How to solve Advent of Code 2022 - Day 3 with Python

How to solve Advent of Code 2022 - Day 3 with Python

If you missed any previous days, click here for all my content about that: Advent of Code, if you want to know why you should participate and try to code the solution for yourself, click here: Advent Of Code 2022 – 7 Reasons why you should participate. If you're here to see the solution of Day 3, continue reading ;)

GitHub Repository

https://github.com/GalaxyInfernoCodes/Advent_Of_Code_2022

I will upload all of my solutions there - in the form of Python (or Scala alternatives) notebooks. You have to use your own input for the "input.txt" since everyone gets their own and everyone needs to provide a different solution based on their input.

Day 3 Puzzle

On day 3 of Advent of Code, we had to organize rucksacks with each line being the contents of each rucksack:

vJrwpWtwJgWrhcsFMMfFFhFp
jqHRNqRjqzjGDLGLrsFMfFZSrLrFZsSL
PmmdzqPrVvPwwTWBwg
wMqvLMZHhHMvwLHjbvcjnnSBnvTQFn
ttgJtRGJQctTZtZT
CrZsJsPPZsGzwwsLwLmpwMDw

As always, I read in all lines:

with open('input.txt', 'r') as f:
    lines = f.readlines()
    rucksacks = [entry.strip() for entry in lines]

Part 1

Then iterate over the rucksacks. Each is split in half to get the two compartments. To find the one common item, I used the set-intersection logic, which gives us exactly the common items needed.

To compute the item's score, I used the ASCII value of the character, because conveniently these count up from A to Z. I subtracted the base (ASCII from 'A'), so 'A' would then be 0, then I added the value of 27, because that is what 'A' should be according to the puzzle. Similar for 'a'.

rucksack_sum = 0
for rucksack in rucksacks:
    # split in half 
    first_half = set(rucksack[:len(rucksack)//2])
    second_half = set(rucksack[len(rucksack)//2:])
    # get overlap through set logic (intersection of two sets)
    overlap_char = (first_half.intersection(second_half)).pop()

    # translate to ascii and substract the base ('A' is 65, 'B' is 66 and so on) and add the new base
    if overlap_char.isupper():
        rucksack_sum += ord(overlap_char) - ord('A') + 27
    else:
        rucksack_sum += ord(overlap_char) - ord('a') + 1
rucksack_sum

Part 2

Here we were supposed to check 3 rucksacks at once and again, find the intersection of these.
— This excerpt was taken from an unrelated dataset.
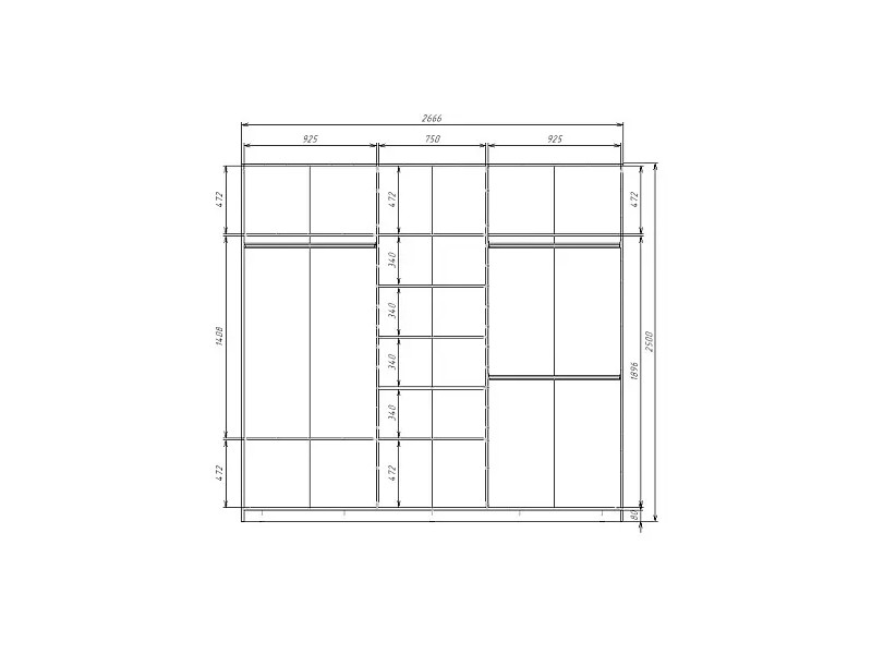 - 3 двери верхняя и нижняя вставка – ДСП 10 мм, центральная – стекло с пленкой Oracal.

For that I adapted the code slightly and extracted the first 3 rucksacks from the list using .pop() in each iteration.

rucksack_sum = 0
while len(rucksacks) > 0:
    # take out first 3 entries
    first_rucksack = set(rucksacks.pop())
    second_rucksack = set(rucksacks.pop())
    third_rucksack = set(rucksacks.pop())
    # get overlap through set logic (intersection of two sets applied twice)
    overlap_char = ((first_rucksack.intersection(second_rucksack)).intersection(third_rucksack)).pop()

    # translate to ascii and substract the base ('A' is 65, 'B' is 66 and so on) and add the new base
    if overlap_char.isupper():
        rucksack_sum += ord(overlap_char) - ord('A') + 27
    else:
        rucksack_sum += ord(overlap_char) - ord('a') + 1
rucksack_sum

Conclusion

I definitely preferred this one over yesterday's puzzle about Rock, Paper, Scissors :D Using intersection on sets always pleases the mathematician in me. However, the ASCII conversion felt a bit hack-y to me, but a fun flashback to coding C assignments and learning about the integer representation of all characters.